— Всё равно. Я собираюсь рассказать об его существовании всему миру, и в первую очередь его отцу. Сейчас подходящий момент.
«А будет ещё больнее».
Предостережение деда звучат в ушах. Я начинаю плакать.
— Нет, Николь. Пожалуйста, нет.
Слёзы текут по щекам, смешиваясь с улыбкой — последним отражением любви к сестре; неверием, что родной человек так со мной поступает.
— Мама, качю кай.
Я закрываю лицо руками. Не хочу, чтобы сын видел меня плачущей.
— Качу кай. Дай кай.
— Кай? Что такое «кай», Эмма? Что он просит? Ты что-нибудь понимаешь, Никки?
— Нет.
— Кай, да. Кай качу.
— Ча-ай, — всхлипываю. — Кто-нибудь, налейте ему чай.
— Я собираюсь выйти замуж за отца своего ребёнка. Могла бы за меня и порадоваться, между прочим. Виктор достойный человек, солидный бизнесмен. Я расскажу ему об Алексе. Думаю, он с лёгкостью меня простит. Кто бы ни хотел в его возрасте снова стать отцом. Конечно, он усыновит его и даст достойную жизнь. Лучше той, что ждёт его, останься он здесь с тобой.
Я больше не вижу в Николь красоты. Она смывается, как краска при реставрации картин — слой за слоем, аккуратно и очень медленно. Под ними пустота — серый холст, ещё даже не выбеленный. Обыкновенная тряпка, натянутая на деревянный, плохо соструганный каркас. И художник сидит рядом. С поджатыми губами, хмурый, обиженный на то, что его шедевру не поклоняются и имеют смелость оспаривать достоинства.

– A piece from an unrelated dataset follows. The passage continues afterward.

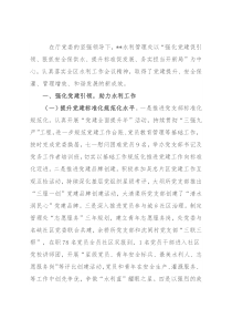 在厅党委的坚强领导下,**水利管理处以“强化党建促引领、狠抓安全保供水、提升标准促发展、务实担当开新局”为中心,认真落实全区水利工作会议精神,取得了党建提升、安全保灌、管理增效、和谐发展的新成效。一、强化党建引领,助力水利工作(一)提升党建标准化规范化水平。一是推进党支部标准
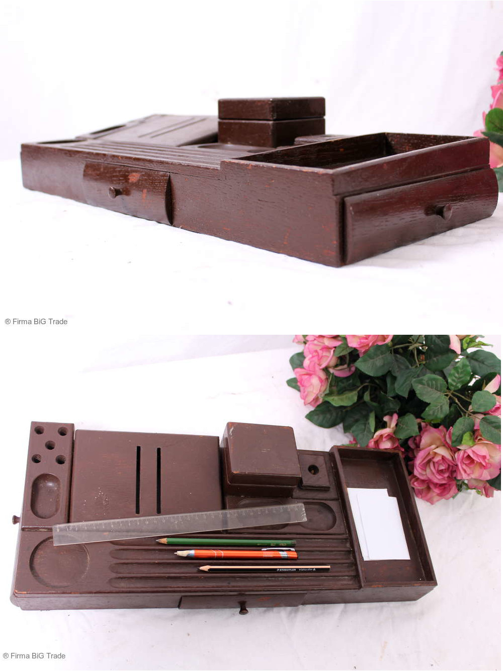 Seltener antiker Reisesekretär Schreibset Schreibzeug Behälter Schreiberpult Tintenhalter Schreibtischauflage

Плохо так говорить о матери, но в такие моменты оставаться честной с самой собой — единственное, что помогает не скатиться до банальной истерики. За стеной сидит мой сын. Ему необязательно прямо сейчас начинать так же плохо думать обо мне.
— Пожалуйста, милая, не делай глупости. Я всецело на стороне Никки и вообще, очень сердита, что ты не сказала мне правду.
— Заткнись, мама, — бросает в её сторону сестра. Пожалуй, это единственное, в чём я с ней солидарна. — Я говорила тебе, Эмма, что не могла в тот период позволить себе ребёнка. У меня был контракт. Обязательства. Ситуация изменилась. Тем более, Виктор всегда меня любил.
— Почему, в таком случае, ты вызвала меня? Почему не отдала Лекса его отцу?
— Ты правда настолько наивная или придуриваешься? — не думала, что презрение во взгляде имеет разные степени силы. У Николь оно сейчас почти зашкаливало. — У меня могла получиться карьера в кино. Я была бы дурой, если бы отказалась от такой возможности.
— Но карьера не сложилась, и ты вернулась к своему любовнику.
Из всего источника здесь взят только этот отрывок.